Forum Moderators: coopster & phranque

Message Too Old, No Replies

Site Search Tools

Offline Database Generation

         

alexjc

2:40 pm on Jan 20, 2002 (gmt 0)

10+ Year Member



I've got perlfect search running as recommended in this thread:
[webmasterworld.com...]

The setup was all very nice... Just note that it will not handle subdomains unless you hack it (you need to change about 10 lines of code).

But... I have a maximum script running time on my shared server, and don't want to use up my precious bandwidth either; I have to retrieve via http due to PHP scripts.

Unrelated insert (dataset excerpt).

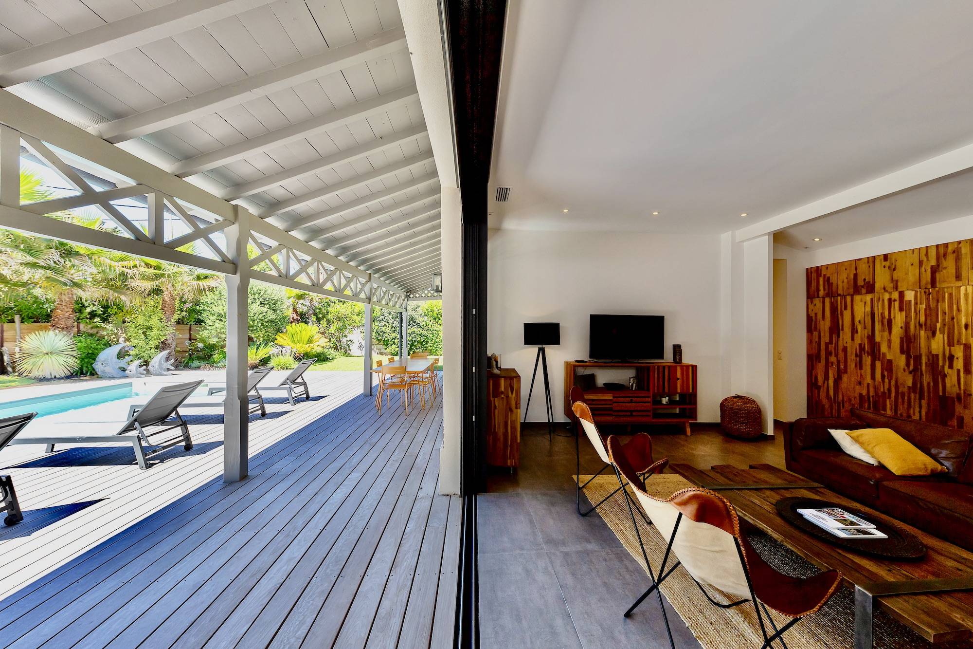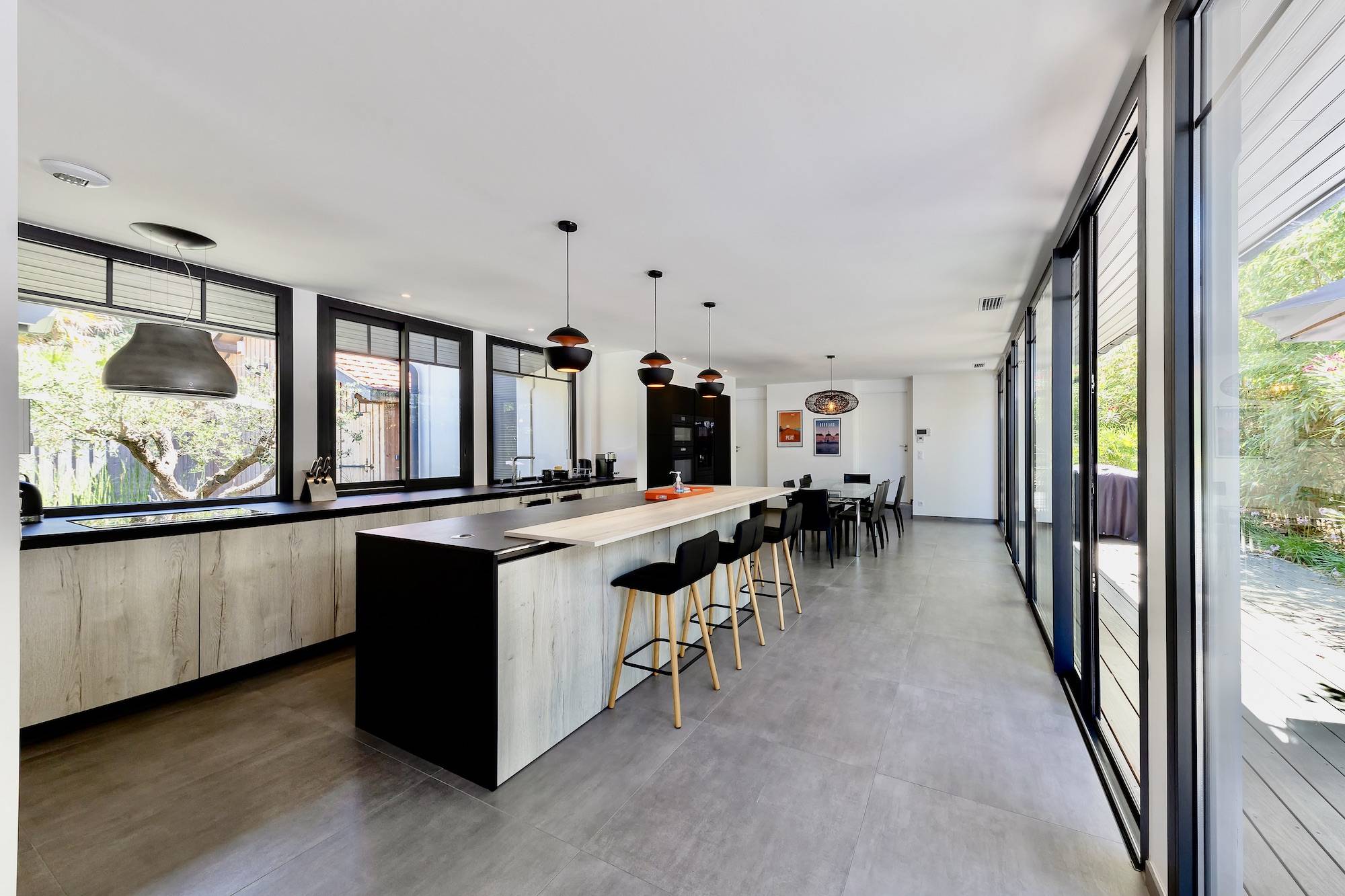 La maison offre une vaste pièce de vie baignée de lumière, ouverte sur une superbe terrasse en bois. La cuisine entièrement équipée, avec son îlot central, est un espace convivial pour les repas.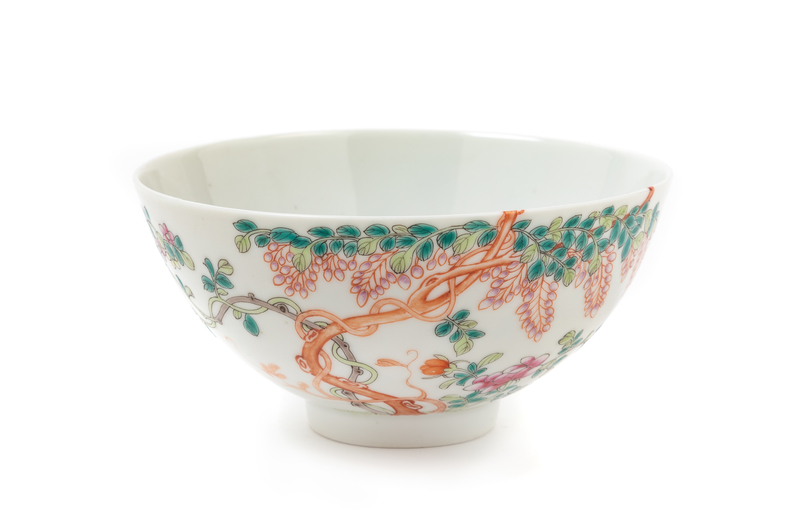 of deep rounded form standing on a short straight foot, decorated around the exterior with sprigs of begonia and wisteria flower among leafy branches, underside bearing a small flower mark.

Anyway, I installed perlfect on my off-line development windows machine, and built up the DB. Both DB_File and Berkeley DB are the exact same version as on the production server (BSD box), but it tells me the database format is not compatible. I've given up on the idea of reinstalling DB_File and Berkeley DB on the production server, so I'm looking into alternatives.

Have any of you tackled such a problem? What would you recommend?

ht://Dig doesn't seem to rely on external DB libraries, so that might work, but the size of the index gets big very quickly!

Cheers,
Alex

grnidone

7:03 pm on Jan 20, 2002 (gmt 0)



Alex, I think you've stumped us. Kicking this to the top because I think others would like to know the answer to this question.

alexjc

8:27 am on Jan 21, 2002 (gmt 0)

10+ Year Member



My mistake, ht:/Dig relies on Berkeley DB too!

More thinking, and ... I can only see two ways out of this, and neither are ideal solutions:


  • Implement a uri-to-filesystem mapping system, whereby all the web fetching is done by interpretting the local PHP script (which parses everything)... plenty to worry about there, and there's still no guarantee that it will finish in 30 seconds ;)
  • Ask for a monthly 'script-time' allowance from my ISP for my spider to run... bandwidth will suffer a bit, but hey!
  • Or combine both options, using cunning negotiations and hard work!

Hmmm...